An age-old human query, this one. The truth is: humans don’t not do things very well. Think of Beauty and the Beast. What does he say to her? Any door but that one. Which door does she want? 

Except … there’s a secret to be ferreted out here. 

It’s called the Law of Substitution, and it works a dream once you know how to use it. There are some specifics you need to know before you try it. 

Whatever you substitute for what you’re trying to let go, it has to have the same emotional intensity. 

If you’re so mad you’re shaking, thinking about that time you had a chocolate milkshake might not be powerful enough to countermand the anger. 

Equal intensity. 

The second specific is that you’re likely to fail at this for a while. Take heart, though. It’s just because the primitive brain always trumps the conscious mind. Always. 

If someone has scared the socks off you, the fear will win until you manage to get some distance from it, and diminish it. 

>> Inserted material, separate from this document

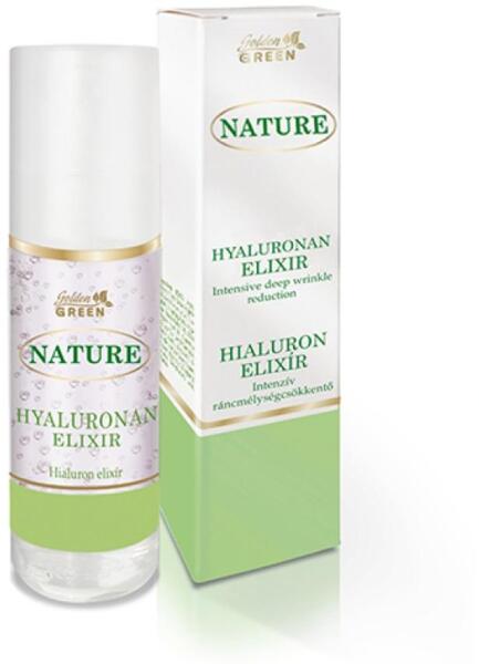 Golden Green Nature Hialuron elixír 10% intenzív ráncmélység csökkentő, 30 ml- Új intenzív ránctalanító és hidratáló elixír a Golden Green kínálatában 10%-os koncentrációval - A Golden Green Nature Hialuron elixír természetes növényi hialuron nagy koncentrációjának segtségével csökkenti a már kialakult ráncok mélységet - Megköti az arcbőr nedvességét, nem eng

So, here’s how the Law of Substitution works. You want to forget … that awful break-up scenario from just last weekend. It’s intense. It feels very present moment (although it isn’t.) I feels like you’ll never heal from it. 

And you’ve already planned a trip to Disney World that you feel great about. 

Picture the bad scene, and then superimpose the good one onto the bad one. Feel the feelings you’ll have in the good scene. Imagine how fun it will be. Enjoy your fantasy about it. Keep at it, whenever the bad scene comes to mind, until the good one automatically overrides it. Then the bad scene will be distanced from you, and the good one will be present to you. 

That’s how you let go. You work at it.